Different approaches and tools will be suited to different target groups: low levels of literacy amongst women in rural areas means that pictorial messaging may be more appropriate during PE or counselling sessions in the community. UNICEF’s small towns WASH programme found that hygiene promotion approaches used in rural areas are not necessarily suited to periurban areas, and need to be combined with other SBCC approaches.
Content development and messaging: across all four sectors and across approaches, the evidence base suggests that it is important to involve target groups in the development of content
and messaging. Formative research should also inform content and messaging. Drawing on existing social norms can help to message to be well-received.
Community mobilisation and ownership is important for interpersonal communication and community participatory approaches: this involves parents, caregivers, local community leaders and traditional leaders. For example, potential opposition to PGB, due to stigmas around adolescent sexual activity, were mitigated by community sensitisation and involving community leaders in selecting PEs and monitoring the programme. Facilitating communities to select their own volunteers to be part of the intervention (as PEs, or community counsellors) can lead to better results than programme or local government staff selecting participants. There is some evidence that community ownership can contribute to the success of community volunteers and achieving behaviour change (USAID, 2019).
Interventions must be aware of the potential for reproducing or reinforcing inequitable gender norms: evidence from the Women’s First female empowerment programme suggests that the SBCC intervention reinforced existing stigmas towards girls’ sexual activity.
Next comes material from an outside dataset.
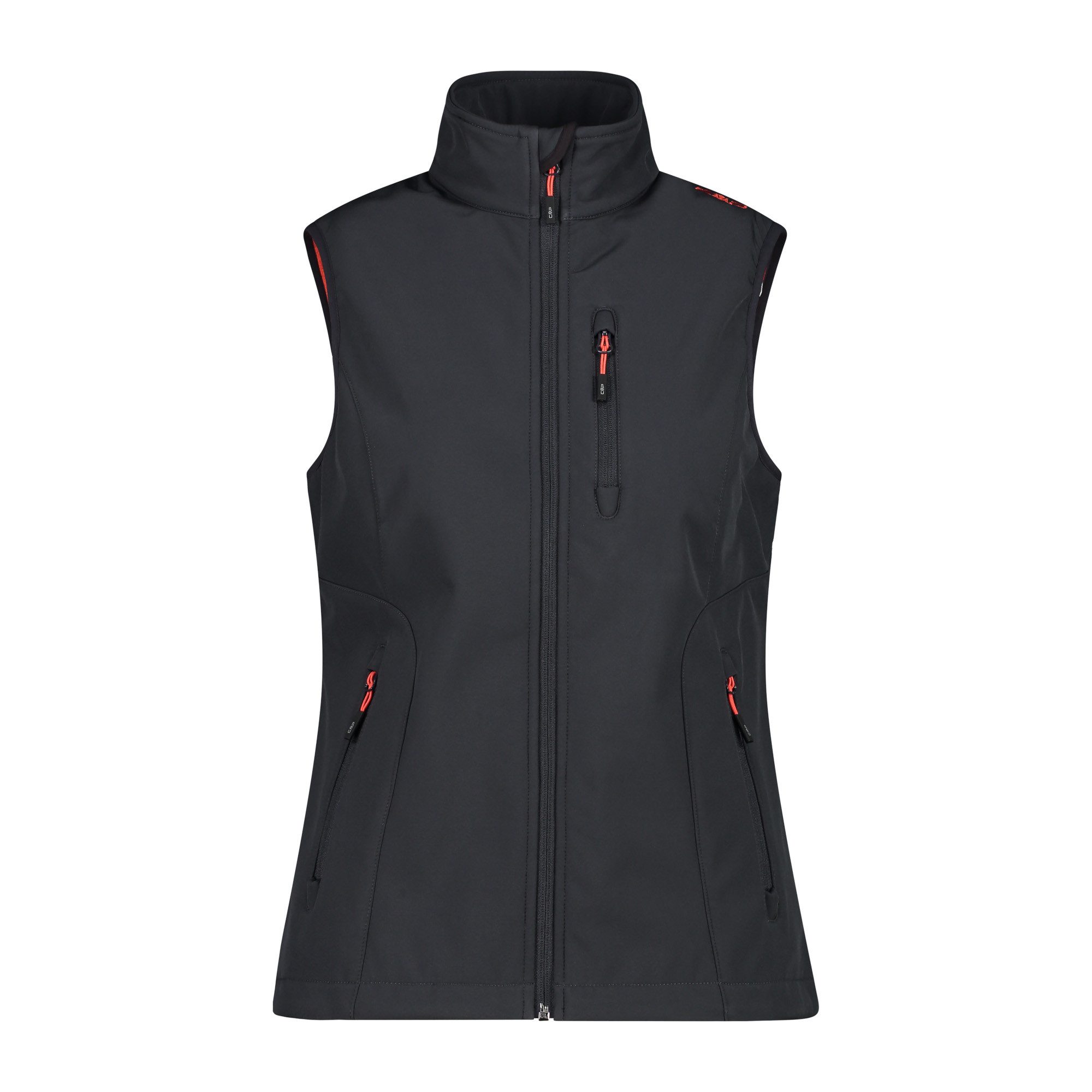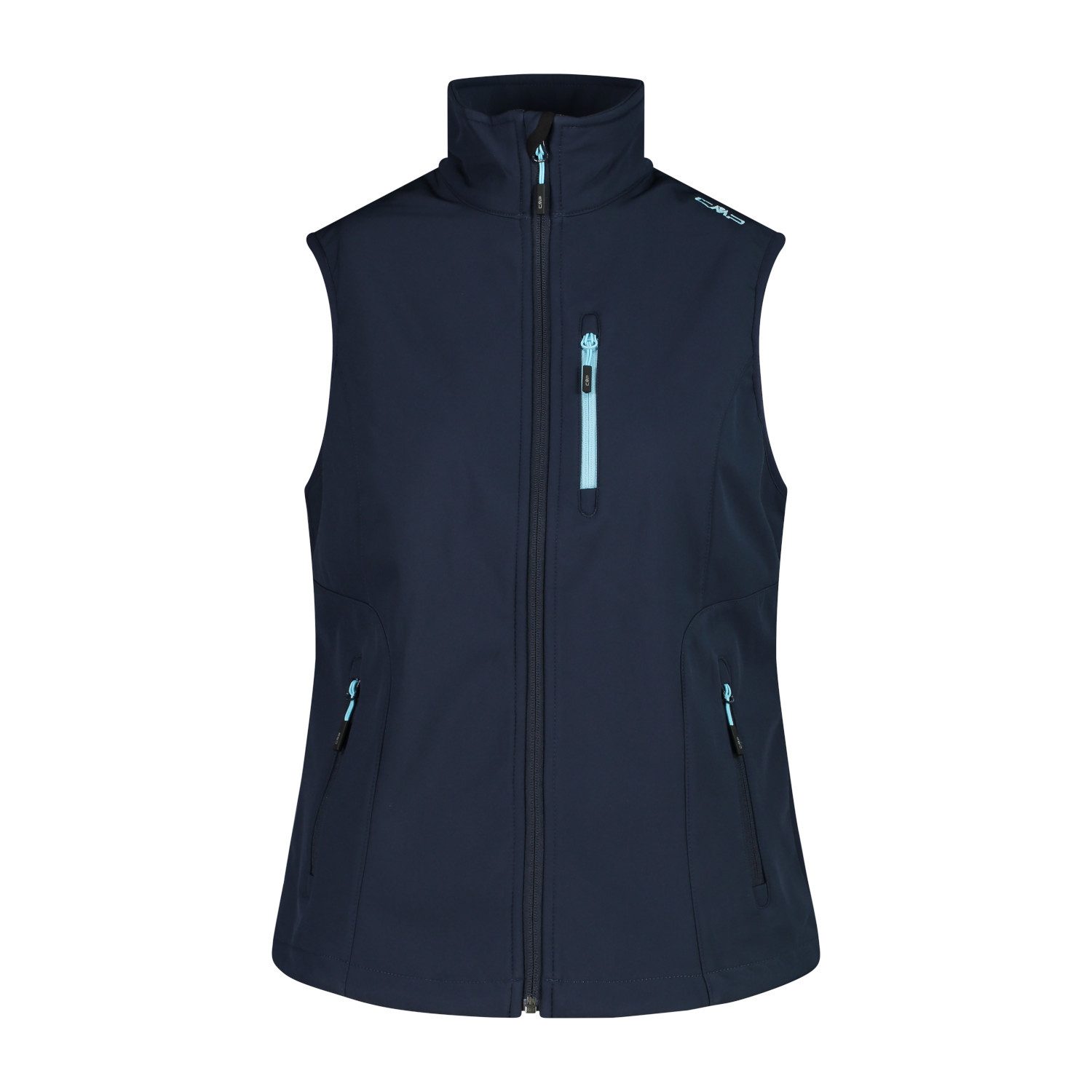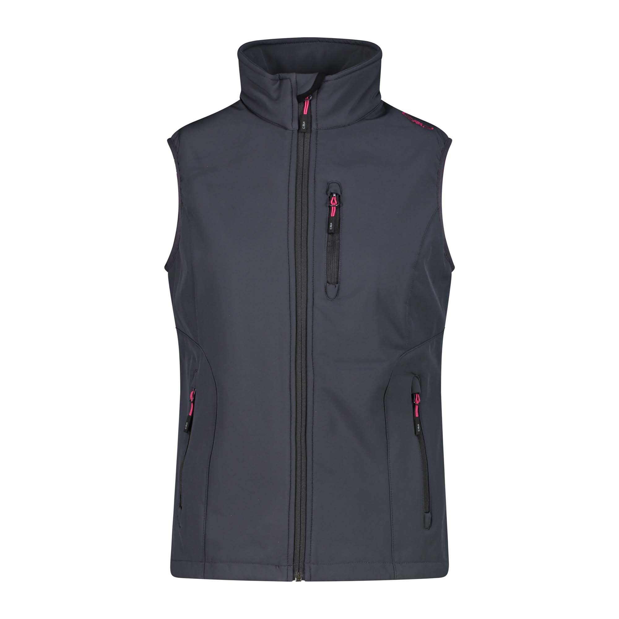 Die Westenform der klassischen Softshelljacke von CMP, ausgestattet mit allen Eigenschaften, die man sich für Outdoor-Aktivitäten nur wünschen kann. Dank der besonderen dreilagigen Struktur des Gewebes und dem mikroporösen Thermolaminat 'Clima Protect' ist sie wind- und wasserdicht (Waterproof 7000) und atmungsaktiv (MVP 1000). Die Fleecebeschichtung an der Innenseite verbessert die Wärmeisolierung und das angenehme Tragegefühl. Mit drei Taschen, zwei an den Seiten und einer auf Brusthöhe, alle mit Reißverschluss. Technologie: Clima Protect®; Water Repellent. Gewicht: 365 g. Länge: 66 cm. Material Aussenseite: 96% Polyester, 4% Elasthan. Innenseite: 100% Polyester.

This included staff introducing their own biases. In FP programmes there is evidence of community counsellors replicating their own beliefs about IUDs and only promoting certain methods of FP. Within PGB steps were taken between 2006 and 2010 to combat gender inequality in the programme including male Pes holding more leadership roles and gaining more recognition. Gender norms can also affect female participation in FP programmes. For example, motherhood is seen as the realisation of womanhood, therefore girls who are not mothers may not see FP as something for them.
For PE and mentor programmes it is important to value volunteers. Across the sector, programmes offer incentives. These can be in the form of transport to meetings or school supplies. Lesson learned from Food for Humanity’s Care Groups approach to nutrition found that non-monetary incentives can be effective. Women who participated in the programme as Care Group Volunteers (CGVs) reported being more respected by their husbands and in the community due to their role and contributed to volunteer retention.
SBCC interventions should be connected to the government. There is evidence that government involvement in or support for interventions can contribute to effectiveness. This includes the incorporation of key messaging into training for teachers and health workers.
Men and boys need to be included in SBCC interventions: a number of interventions included in this review primarily target women and girls. However, formative research has shown that men have an impact on nutrition behaviours in their families. GBV interventions should also target men and young boys in order to tackle social norms.
Interventions should be integrated with other programmes and local services. SBCC generating demand for FP or increasing health-seeking behaviour related to nutrition needs to be supported by improved access to services. This includes both availability and removing barriers to access. Hygiene promotion programmes should be integrated into wider WASH programmes.